## Task goal:
A word-for-word copy of the data is what's wanted, with no pictures.

## Given material:

BEGIN

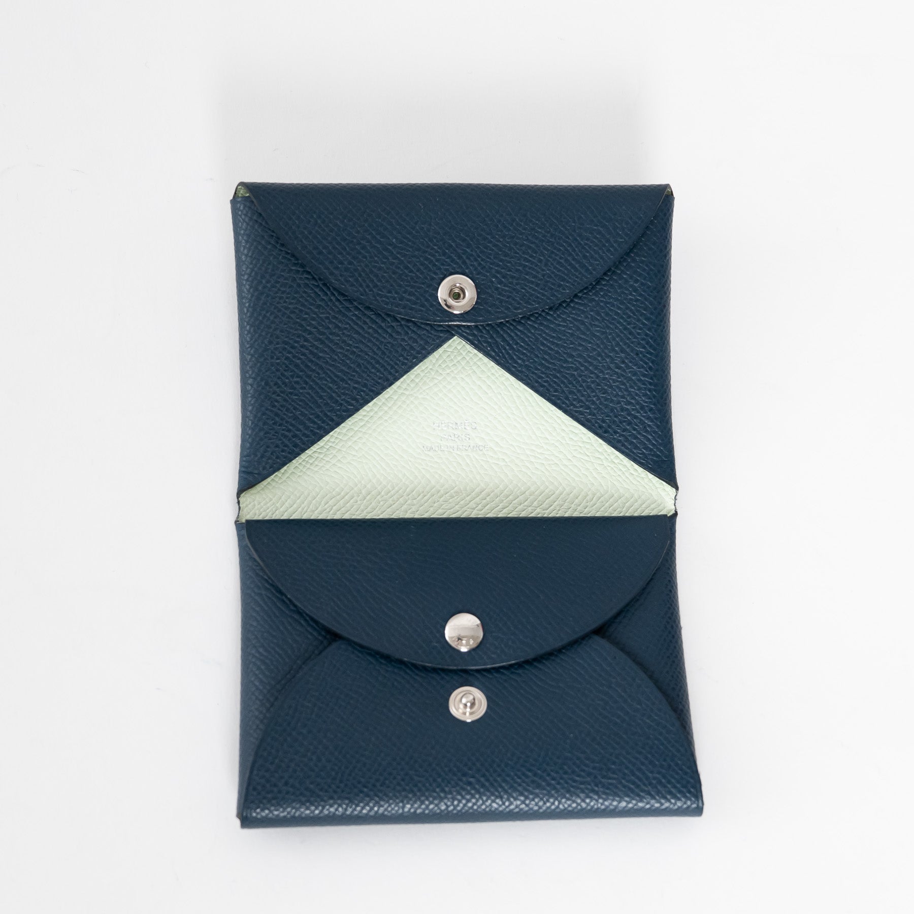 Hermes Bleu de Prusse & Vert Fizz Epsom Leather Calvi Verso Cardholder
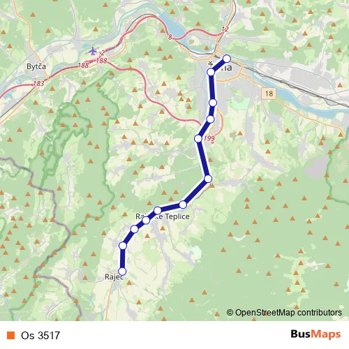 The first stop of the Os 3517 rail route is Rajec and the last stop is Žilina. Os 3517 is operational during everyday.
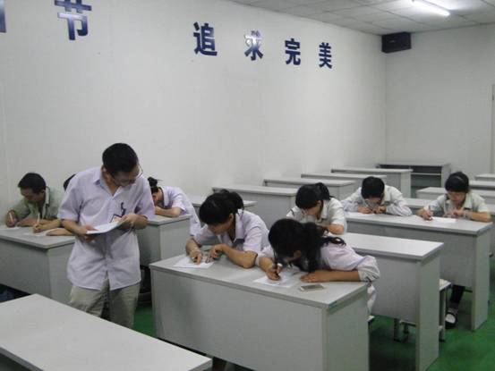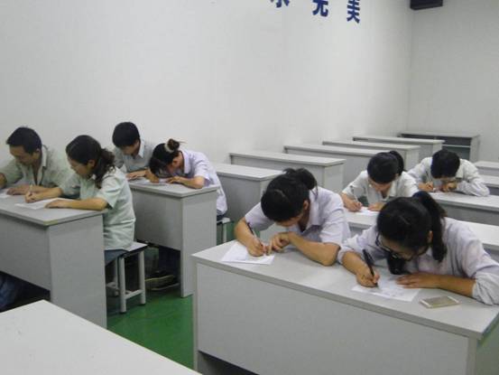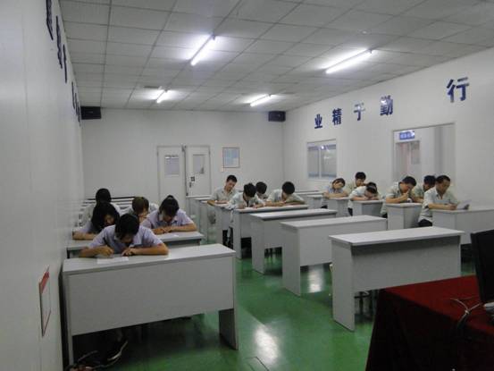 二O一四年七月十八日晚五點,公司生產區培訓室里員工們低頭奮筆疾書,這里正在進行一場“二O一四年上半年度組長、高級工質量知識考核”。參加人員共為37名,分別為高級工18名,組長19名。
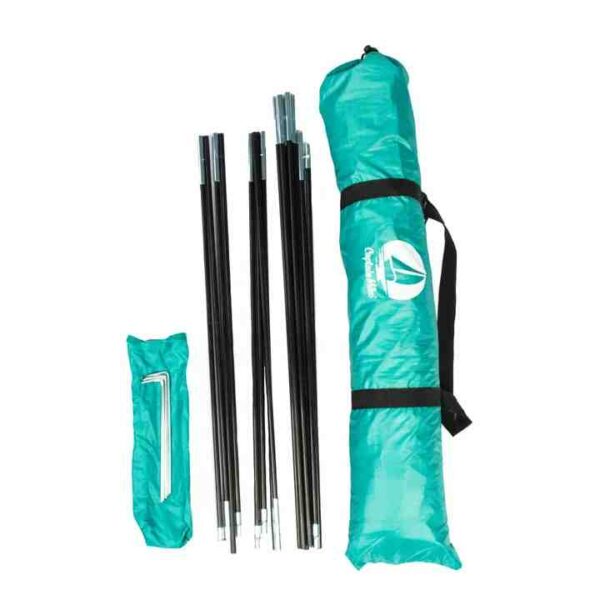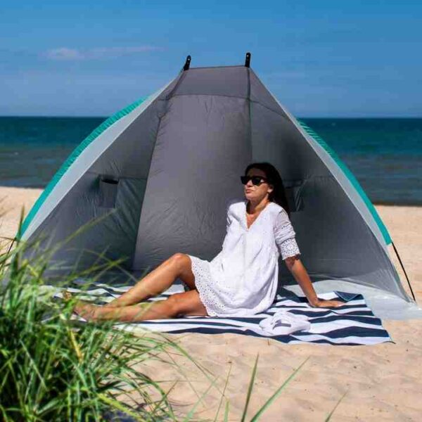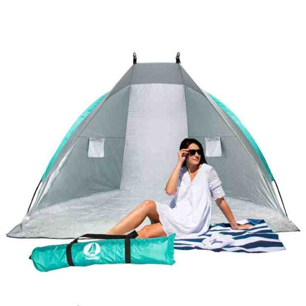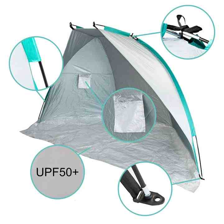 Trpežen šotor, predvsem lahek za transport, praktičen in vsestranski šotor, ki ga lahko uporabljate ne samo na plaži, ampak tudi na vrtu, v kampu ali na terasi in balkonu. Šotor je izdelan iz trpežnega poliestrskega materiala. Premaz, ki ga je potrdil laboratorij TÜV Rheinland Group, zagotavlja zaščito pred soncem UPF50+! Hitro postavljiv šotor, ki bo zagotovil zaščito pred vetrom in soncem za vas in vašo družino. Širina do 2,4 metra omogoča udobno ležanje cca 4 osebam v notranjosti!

END

## Exercise result:
 Hermes Bleu de Prusse & Vert Fizz Epsom Leather Calvi Verso Cardholder
 The first stop of the Os 3517 rail route is Rajec and the last stop is Žilina. Os 3517 is operational during everyday.
 二O一四年七月十八日晚五點,公司生產區培訓室里員工們低頭奮筆疾書,這里正在進行一場“二O一四年上半年度組長、高級工質量知識考核”。參加人員共為37名,分別為高級工18名,組長19名。
 Trpežen šotor, predvsem lahek za transport, praktičen in vsestranski šotor, ki ga lahko uporabljate ne samo na plaži, ampak tudi na vrtu, v kampu ali na terasi in balkonu. Šotor je izdelan iz trpežnega poliestrskega materiala. Premaz, ki ga je potrdil laboratorij TÜV Rheinland Group, zagotavlja zaščito pred soncem UPF50+! Hitro postavljiv šotor, ki bo zagotovil zaščito pred vetrom in soncem za vas in vašo družino. Širina do 2,4 metra omogoča udobno ležanje cca 4 osebam v notranjosti!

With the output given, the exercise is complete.